Chih-Wei Chang, Jun Fang, Nam T. Dinh
Nuclear Science and Engineering | Volume 194 | Number 8 | August-September 2020 | Pages 650-664
Technical Paper | doi.org/10.1080/00295639.2020.1712928
Articles are hosted by Taylor and Francis Online.
Reynolds-Averaged Navier-Stoke (RANS) models offer an alternative avenue in predicting flow characteristics when the corresponding experiments are difficult to achieve due to geometry complexity, limited budget, or knowledge. RANS models require the knowledge of subgrid scale physics to solve conservation equations for mass, energy, and momentum. Mechanistic turbulence models, such as k-ε, are generally evaluated and calibrated for specific flow conditions with various degrees of uncertainty. These models have limited capability to assimilate a substantial amount of data due to model form constraints. Meanwhile, deep learning (DL) has been proven to be universal approximators with the potential to assimilate available, relevant, and adequately evaluated data. Moreover, deep neural networks (DNNs) can create surrogate models without knowing function forms. Such a data-driven approach can be used in updating fluid models based on observations as opposed to hard-wiring models with precalibrated correlations.

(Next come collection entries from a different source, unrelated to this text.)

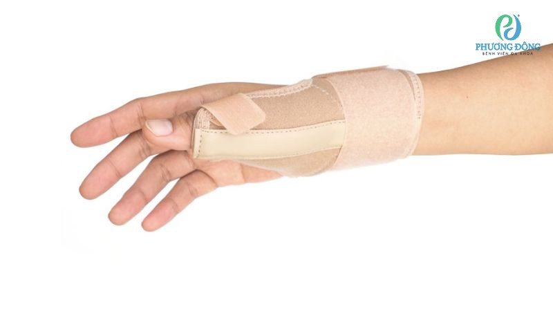 - Bất động ngón cái và cổ tay bằng nẹp hoặc băng cố định để gân nghỉ ngơi.
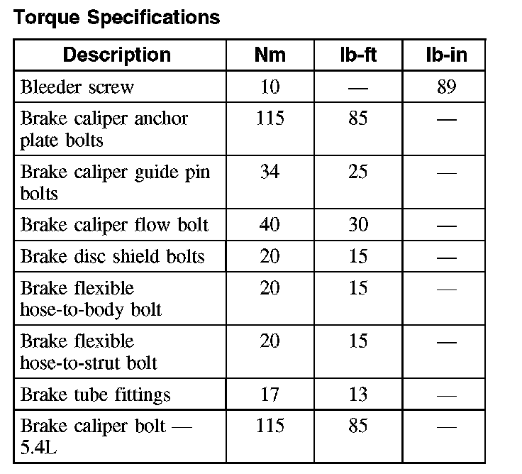 Torque Specifications, Front
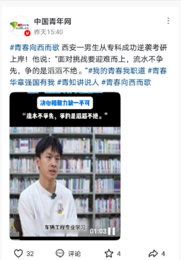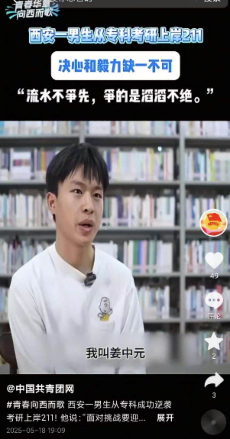 他的故事被陕西省教育厅官微,中国共青团网,中国青年网、纵横视频、三秦青年、新京报教育新闻等多家媒体转载报道;社交媒体上,# 专科生逆袭 211# 的话题阅读量持续攀升,他的事例不仅成为个人奋斗的辉煌篇章,更为无数学子奋勇向前提供了精神动力。目前,姜中元的事迹已成为校园热议话题,激励着更多学子在逆境中突破自我。
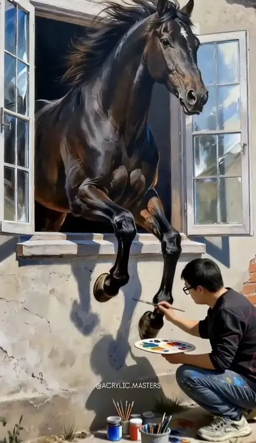 Ảnh nền thực tế ghi lại khoảnh khắc chú ngựa đen thò đầu qua cửa sổ nhìn người họa sĩ đang vẽ tạo nên một bối cảnh gần gũi và vô cùng thú vị cho người xem.
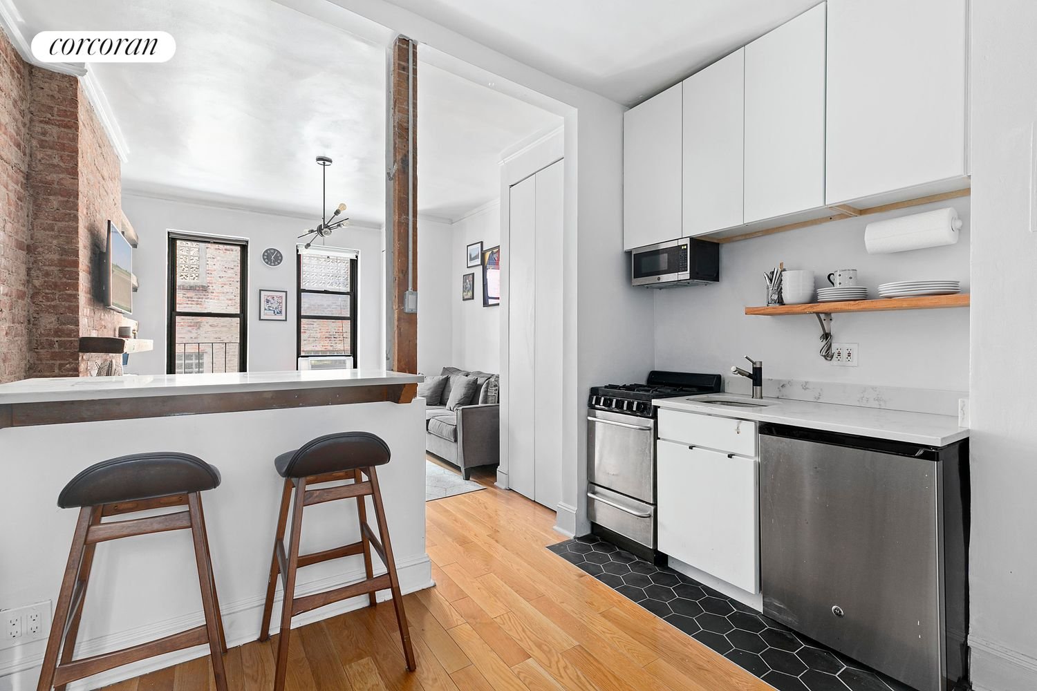 Apartment 12A is a recently renovated spacious one-bedroom apartment located on a treelined block in the Upper East Side. With over 9 ft ceilings and new oak floors, the sunny southern exposure lights up the living room, with beautiful exposed brick and decorative fireplace. The living room flows seamlessly into the large eat-in kitchen featuring a stainless-steel appliances and new quartz countertops. The large island can easily sit 4 people and the kitchen is large enough for a table as well. With custom shelving and cabinets, there is plenty of storage space. The high ceilings continue throughout and into the windowed bathroom and quiet north facing bedroom. Washer/dryer permitted and can be easily installed. The apartment also comes with a 6×6 private storage unit. 336-332 East 77th Street is a beautiful red brick co-op comprised of three buildings and 57 units. The building recently did an interior and exterior renovation, restoring the hallways and outside fa ade. Built in 1910, this intimate, well-established pre-war coop is located close to shopping, restaurants and the M79 crosstown bus/6 train on East 77th Street/new Q train on East 72nd Street. Live-in super. Parents buying for children, gifting, and co-purchasing are allowed. Sorry, pets and pieds-a-terre are not permitted. The maintenance is 64% tax deductible and the new owner can apply for STAR (School Tax Relief Credit).
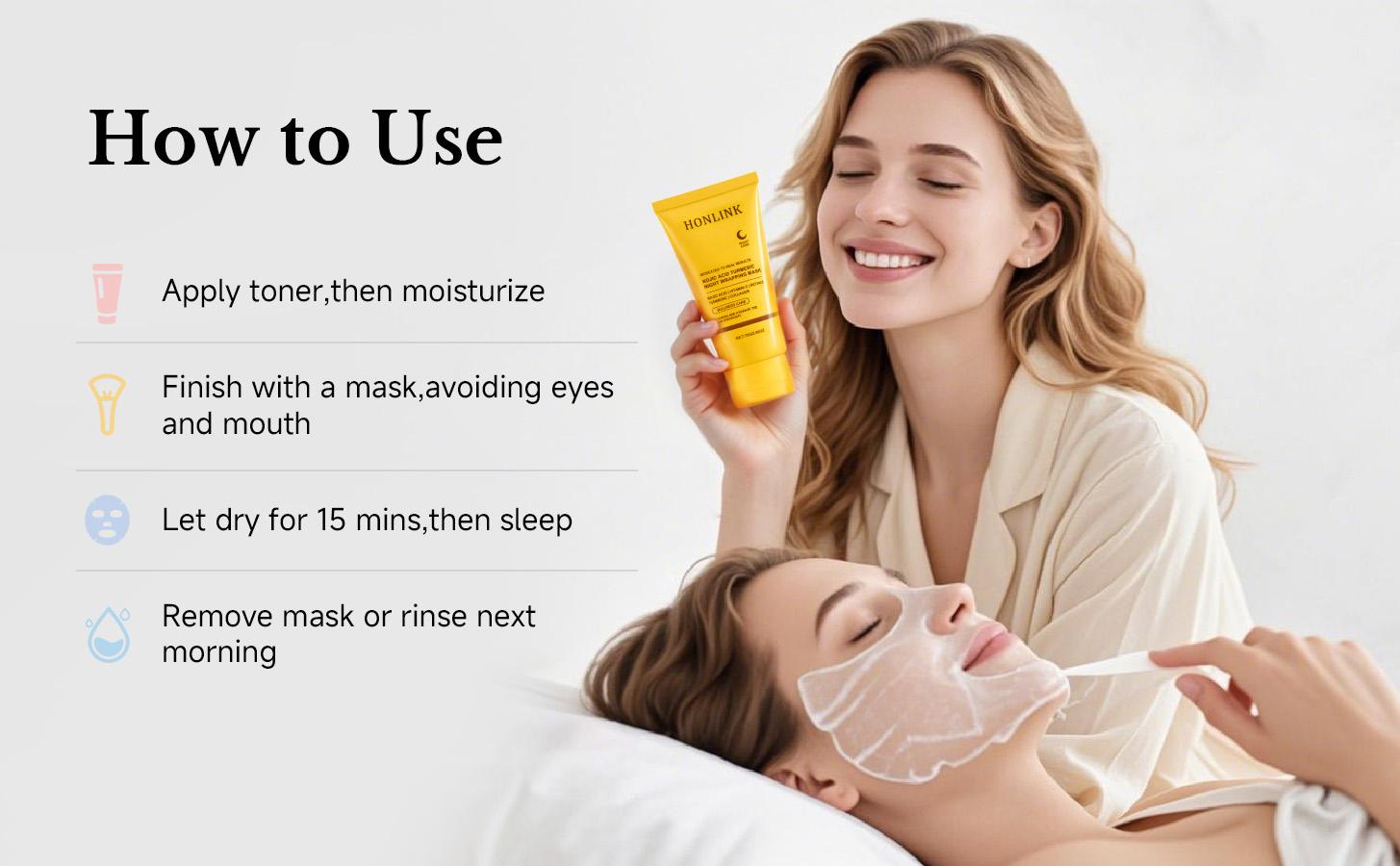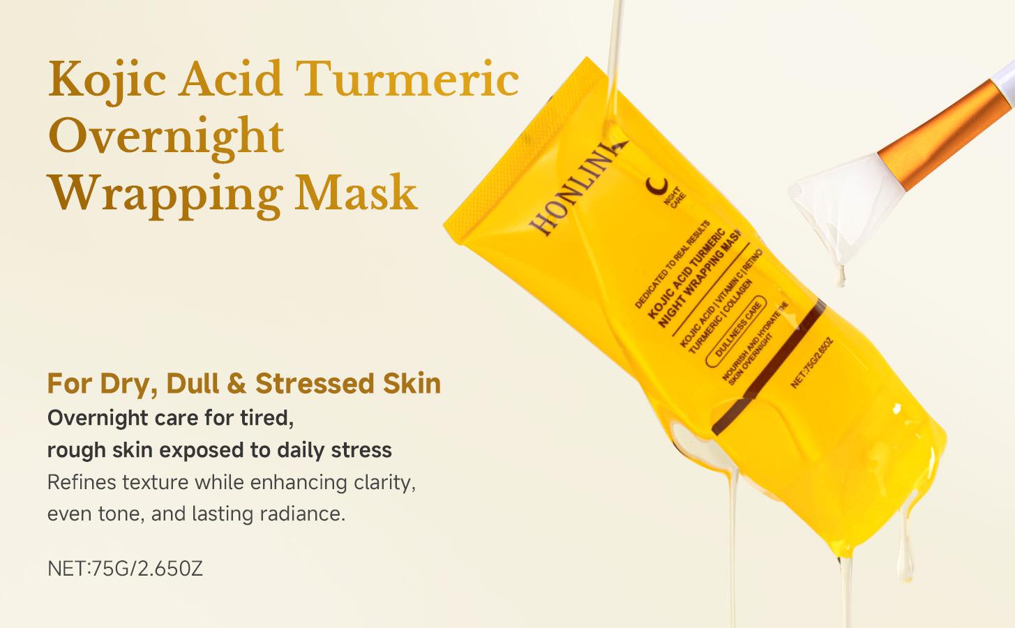 Proven Results -Clinical trials reveal remarkable improvements with Honglink Kojic Acid Turmeric Night Wrapping Mask: +6.8% enhancement in skin texture after single use, 24.7% improvement in uneven skin tone after 3 days of use and +33% increase in skin radiance after a single application. (Results may vary depending on individual skin types.)
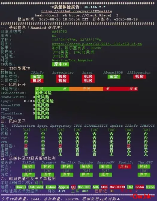 NodeQuality并非单一测试工具,而是整合了Yabs、IPQuality、NetQuality、“融合怪”的核心功能——就像把“测硬件的尺子”“查IP的放大镜”“看网络的测速仪”整合到一个工具箱里,不用反复切换脚本,一次运行就能拿到VPS的硬件性能、IP质量、网络稳定性等全维度数据。
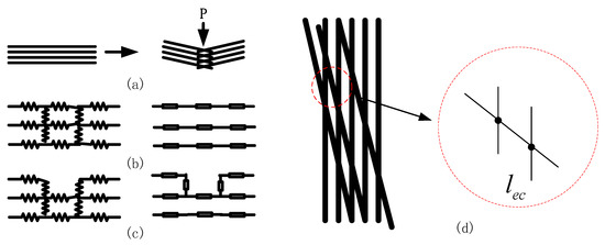is the electrically ineffective length; that is, due to the fracture and damage of the carbon fiber, the original conductive path can no longer carry current, and the adjacent contact fiber is a new conductive path, so the electrically ineffective length is the distance between adjacent contact points, as shown in Figure 2d. As shown, the value of is the average length of the fiber contact point, is the overall Young’s modulus, and are the material failure parameters of the Weibull distribution.

The paper presents progress in applying DNNs to model Reynolds stress using two machine learning (ML) frameworks. A novel flow feature coverage mapping is proposed to quantify the physics coverage of DL-based closures. It can be used to examine the sufficiency of training data and input flow features for data-driven turbulence models. The case of a backward-facing step is formulated to demonstrate that not only can DNNs discover underlying correlation behind fluid data but also they can be implemented in RANS to predict flow characteristics without numerical stability issues. The presented research is a crucial stepping-stone toward the data-driven turbulence modeling, which potentially benefits the design of data-driven experiments that can be used to validate fluid models with ML-based fluid closures.